* **Provided entries**
+-------+

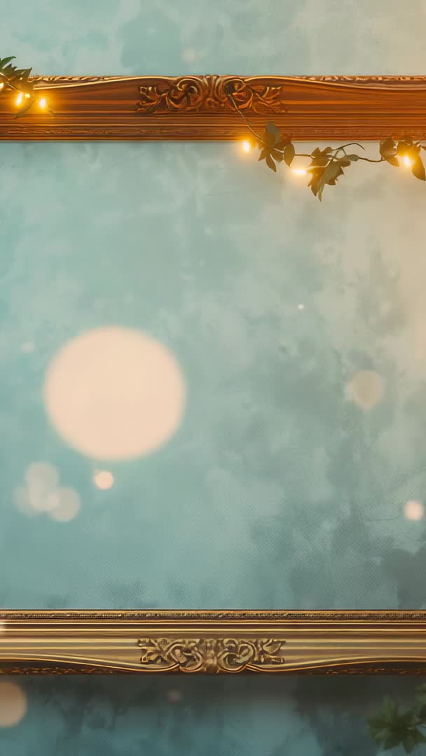 AI Generated Image. Featuring gilded frame border along top and bottom edges, fairy lights twinkling and ivy vines swaying against soft teal backdrop with drifting bokeh orbs. Looping vertical clip crafted for portrait orientations and mobile-first content. Ideal for social media stories and reels, mobile ads, wedding invitation overlays, seasonal greeting cards, product showcase frames, and title or intro screens. Ready for text or logo placement in center area, with natural negative space for headlines or call-to-action. Simple to customize by adding overlay text, logo mark, color grading, or subtle zoom and parallax. Pairing suggestions include ambient music, soft instrumental tracks, or gentle nature soundscapes to enhance tranquil, elegant mood.
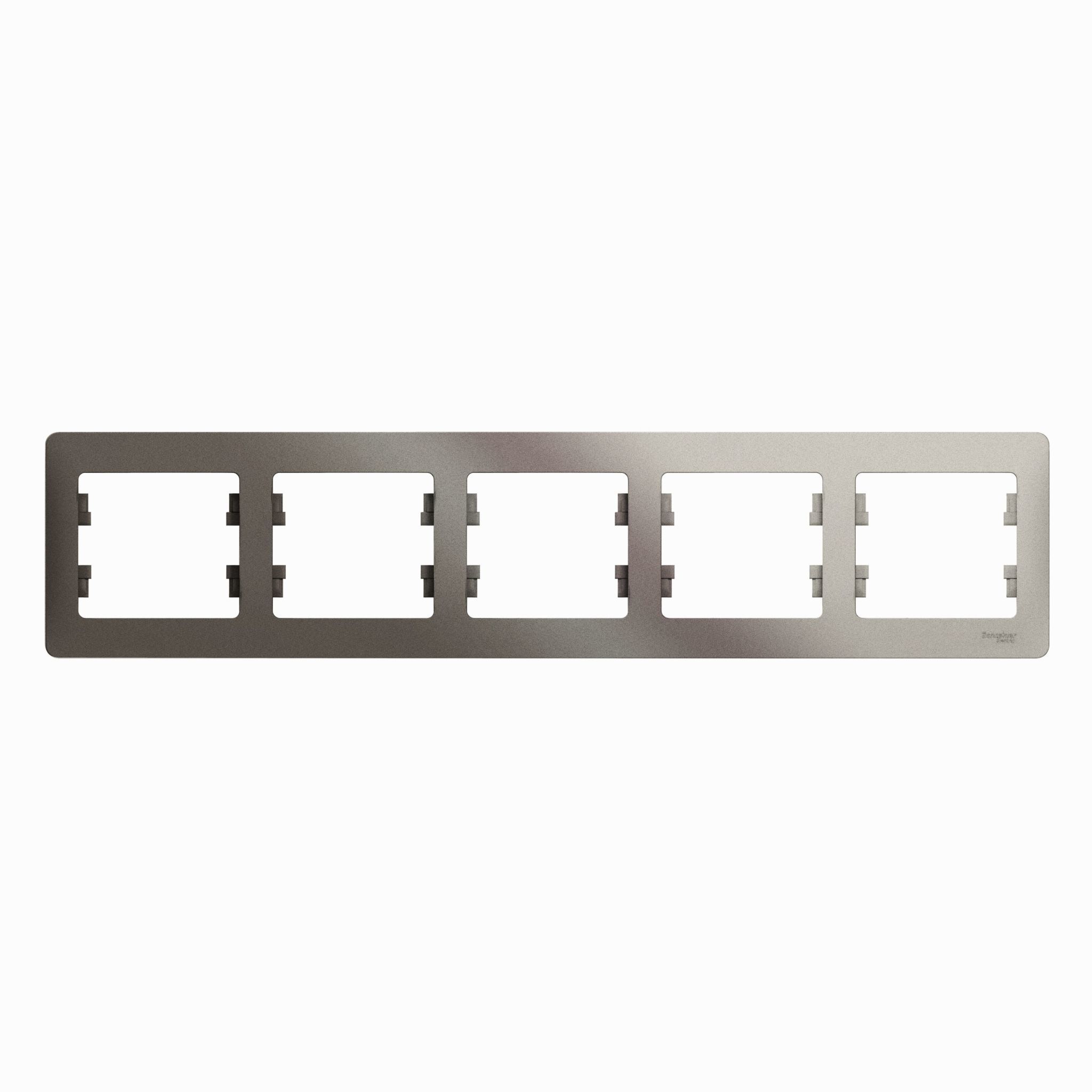 Рамка Schneider Electric Glossa (цвет платина) пятиместная. - Устанавливается в горизонтальном положении. - Выполнена из материала PС+ASA, стойкого к УФ-излучению и появлению царапин. - Позволяет гармонично вписать электроустановочное изделие в интерьер помещения.
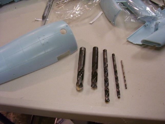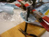 are the bits I used to drill the hole. Once this process was complete, a hole had to be opened through the arboretum and arboretum ceiling for the rod to pass through, and attach a brace to the forward end of the shuttle bay assembly. I made the whole through the arboretum first, but I got a little over-zealous and made too big of an opening. This won't really be a problem, though, since I'm not really planning on showing this area off. The opening has to be a little bigger than the armature post, to avoid interfering with the brace I made below, but I still overdid it!
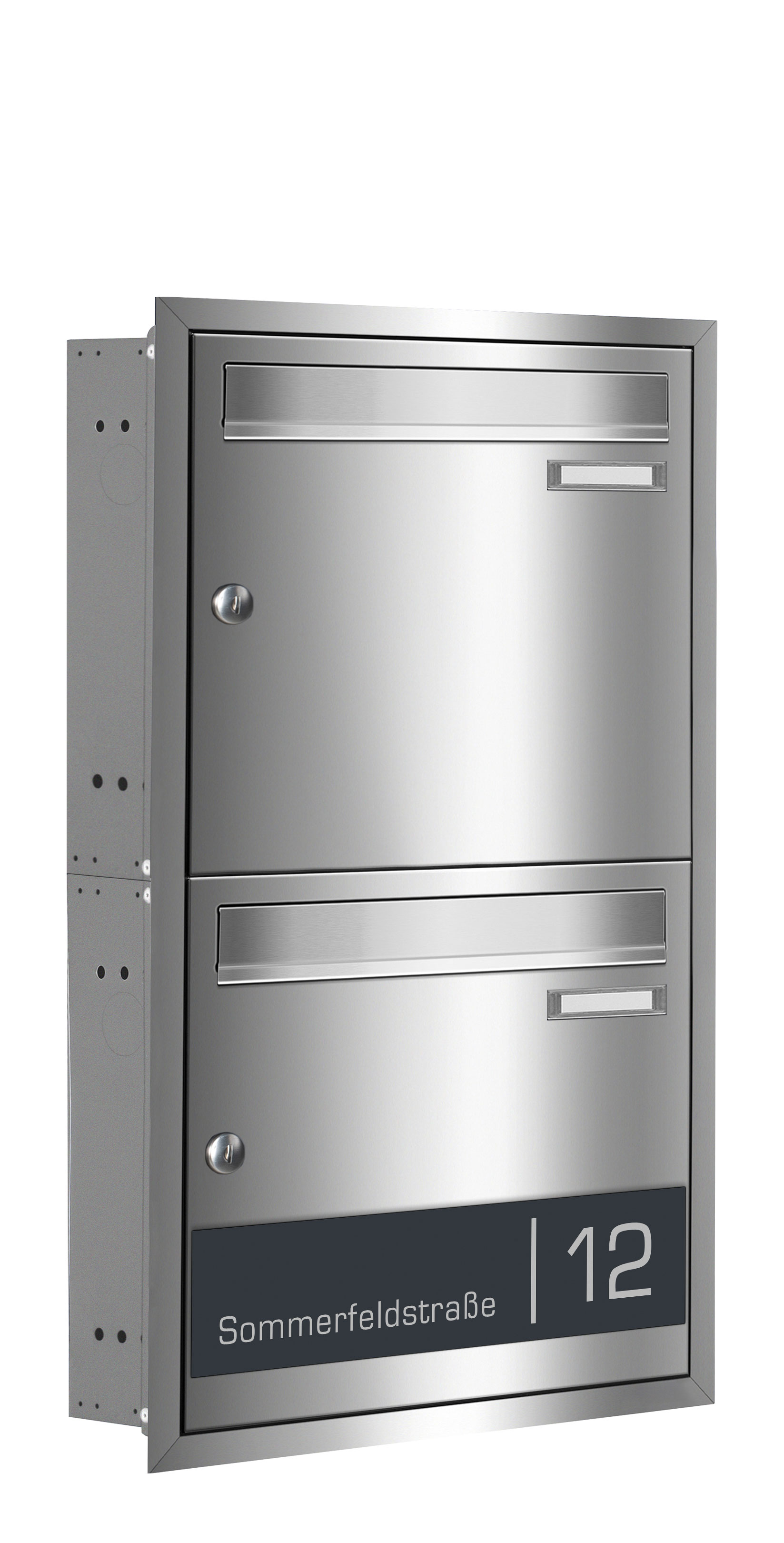 Der hochwertig verarbeitete Briefkasten OLEVA ist für die Montage unterputz vorgesehen. Ein umlaufender Putzabdeckrahmen sorgt für einen sauberen Abschluss zur Wand.
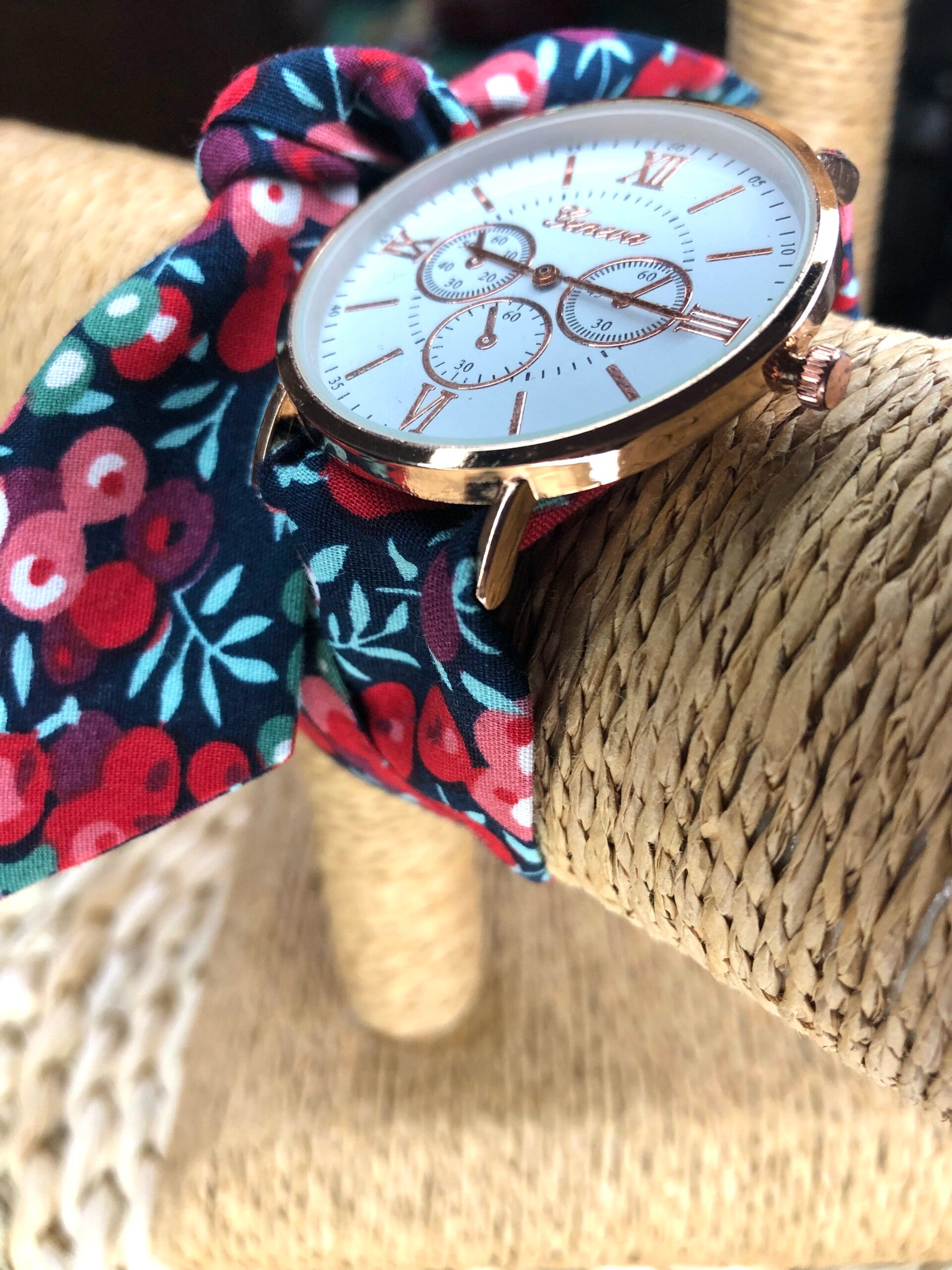 Montre à nouer avec bracelet personnalisable grâce aux nombreux tissus présents dans le catalogue.
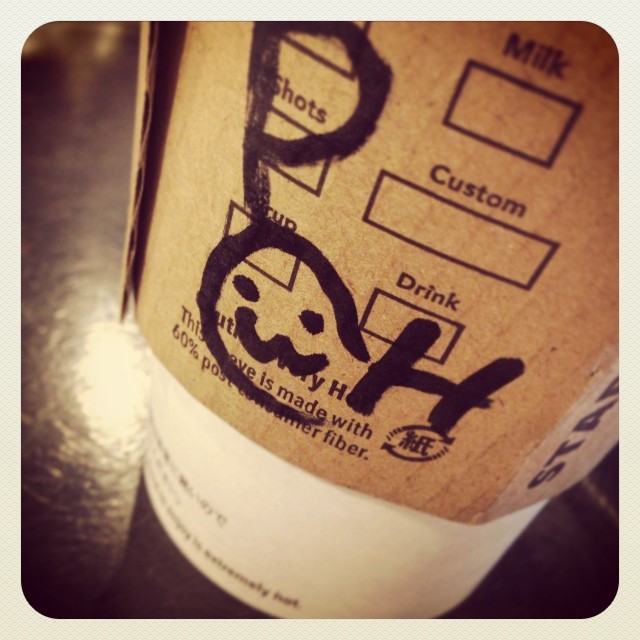 すたばの持ち帰り。にっこりしたサイン(☻←こういうの)はよく描いてもらうけど、これはオバケみたいで可愛いね。
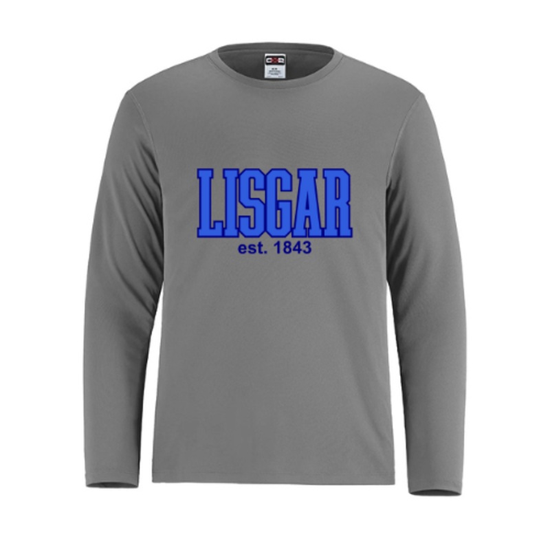 WFP14656499LISGAR COLLEGIATE INSTITUTE SHORE LONG SLEEVE TSHIRT WITH FULL FRONT HEAT PRESS LOGO
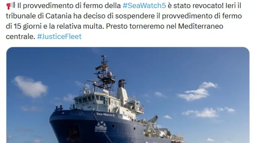 Sea Watch 5, 'Tribunale di Catania ha sospeso il fermo'
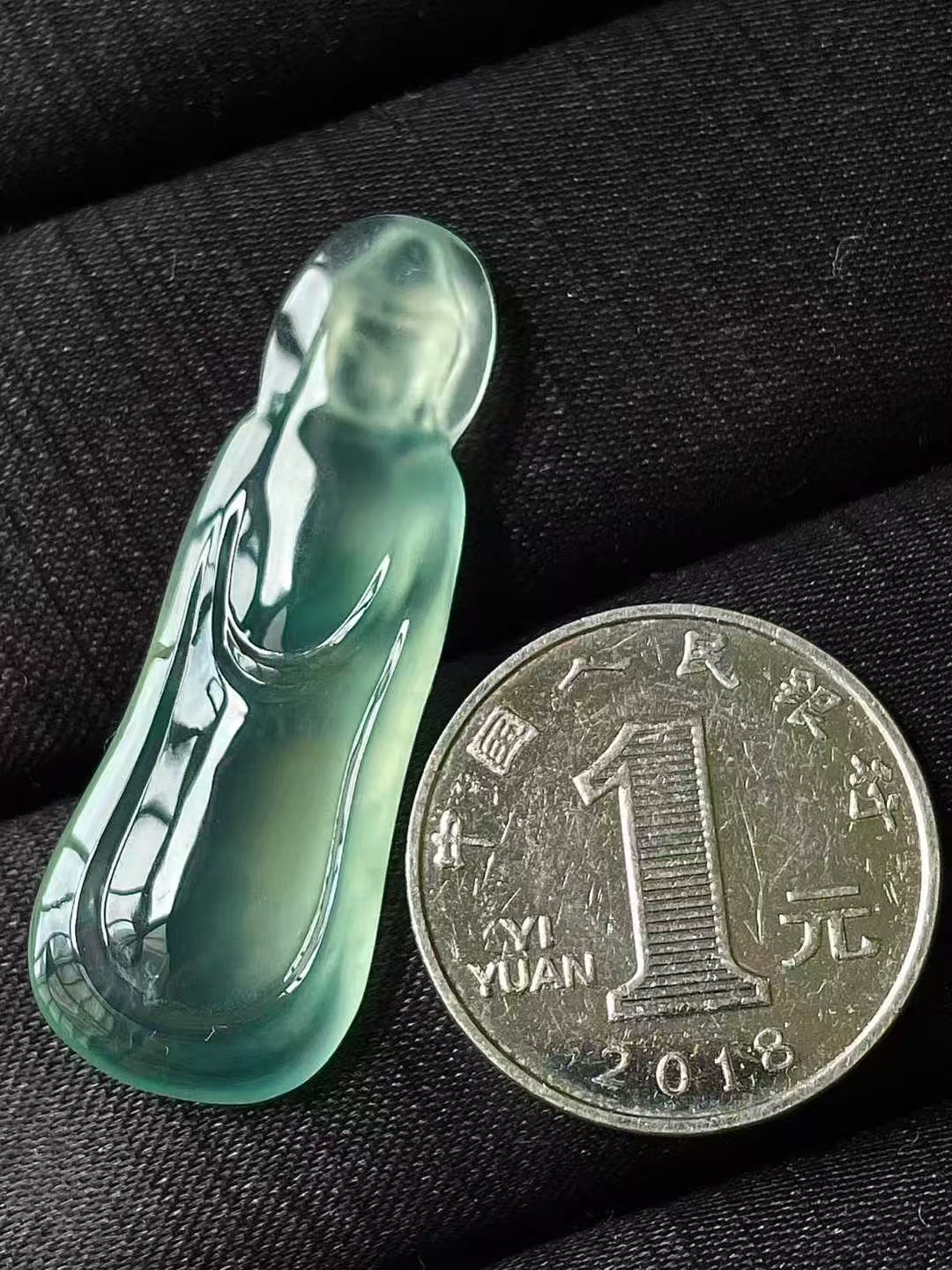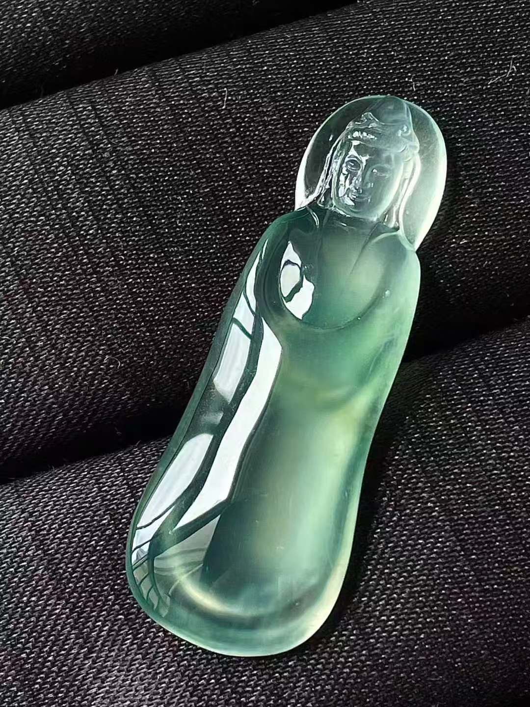 • 翡翠玻璃種自在觀音吊墜,天然翡翠A玉, 緬甸玉, Jade, Jadeite

+-------+

* **Task brief**
Excluding all pictures, output exactly the lines from the line containing "WFP14656499LISGAR COLLEGIATE INSTITUTE" through the last line of the entries above.

* **Output**
 WFP14656499LISGAR COLLEGIATE INSTITUTE SHORE LONG SLEEVE TSHIRT WITH FULL FRONT HEAT PRESS LOGO
 Sea Watch 5, 'Tribunale di Catania ha sospeso il fermo'
 • 翡翠玻璃種自在觀音吊墜,天然翡翠A玉, 緬甸玉, Jade, Jadeite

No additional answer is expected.